Data for processing.
****
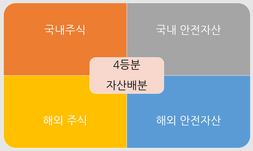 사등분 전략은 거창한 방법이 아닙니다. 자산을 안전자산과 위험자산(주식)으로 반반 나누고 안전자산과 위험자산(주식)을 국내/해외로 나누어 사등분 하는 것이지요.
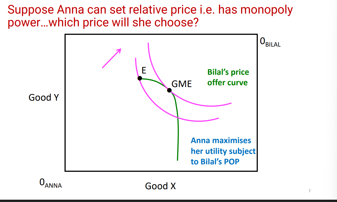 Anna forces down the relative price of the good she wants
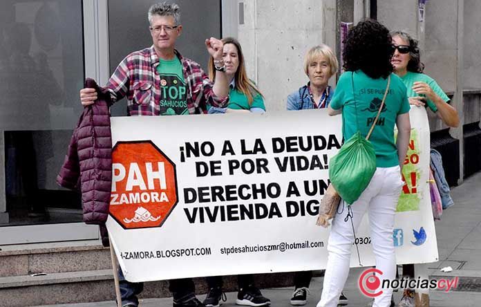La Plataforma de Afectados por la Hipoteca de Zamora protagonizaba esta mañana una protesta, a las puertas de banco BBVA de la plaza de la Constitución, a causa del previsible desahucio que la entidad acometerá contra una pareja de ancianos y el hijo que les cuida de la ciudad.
****
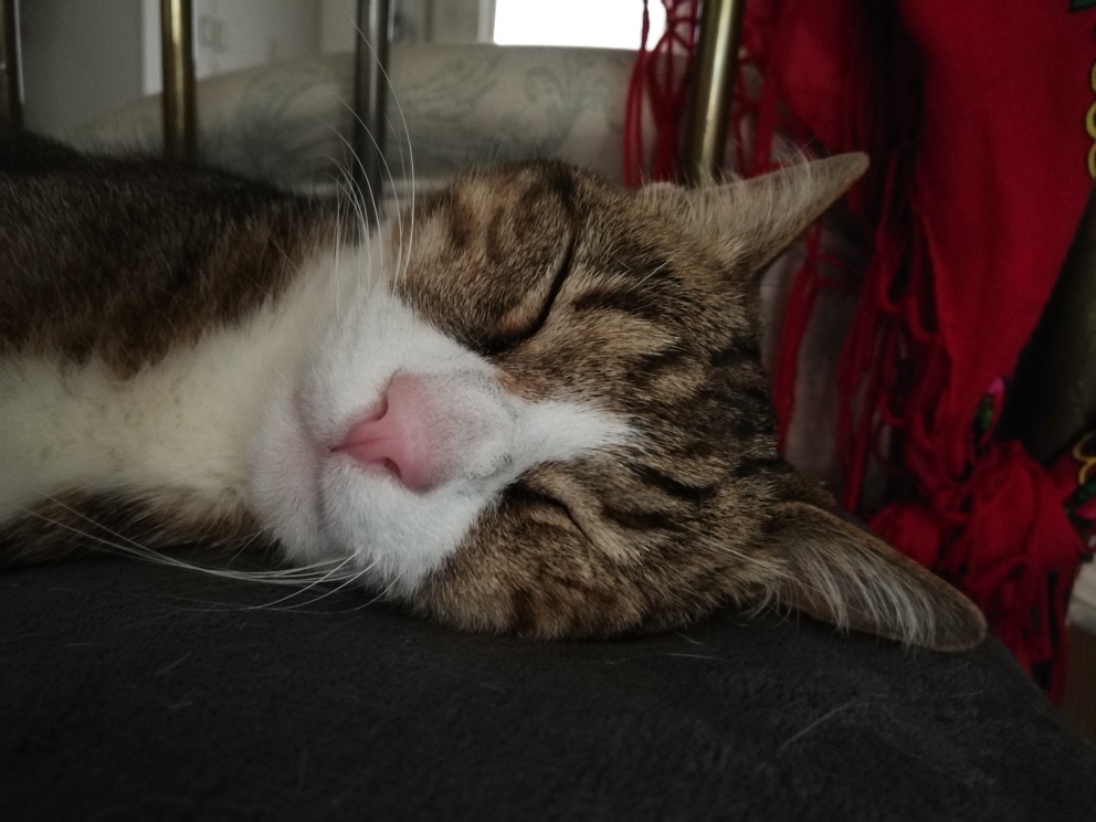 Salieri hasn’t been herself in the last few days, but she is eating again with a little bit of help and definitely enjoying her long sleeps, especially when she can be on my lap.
****
Task statement. Please repeat the lines of the material above exactly, starting with the line that contains "Anna forces down" and ending with the line that contains "La Plataforma de". Leave the pictures out.

Solved exercise.
 Anna forces down the relative price of the good she wants
La Plataforma de Afectados por la Hipoteca de Zamora protagonizaba esta mañana una protesta, a las puertas de banco BBVA de la plaza de la Constitución, a causa del previsible desahucio que la entidad acometerá contra una pareja de ancianos y el hijo que les cuida de la ciudad.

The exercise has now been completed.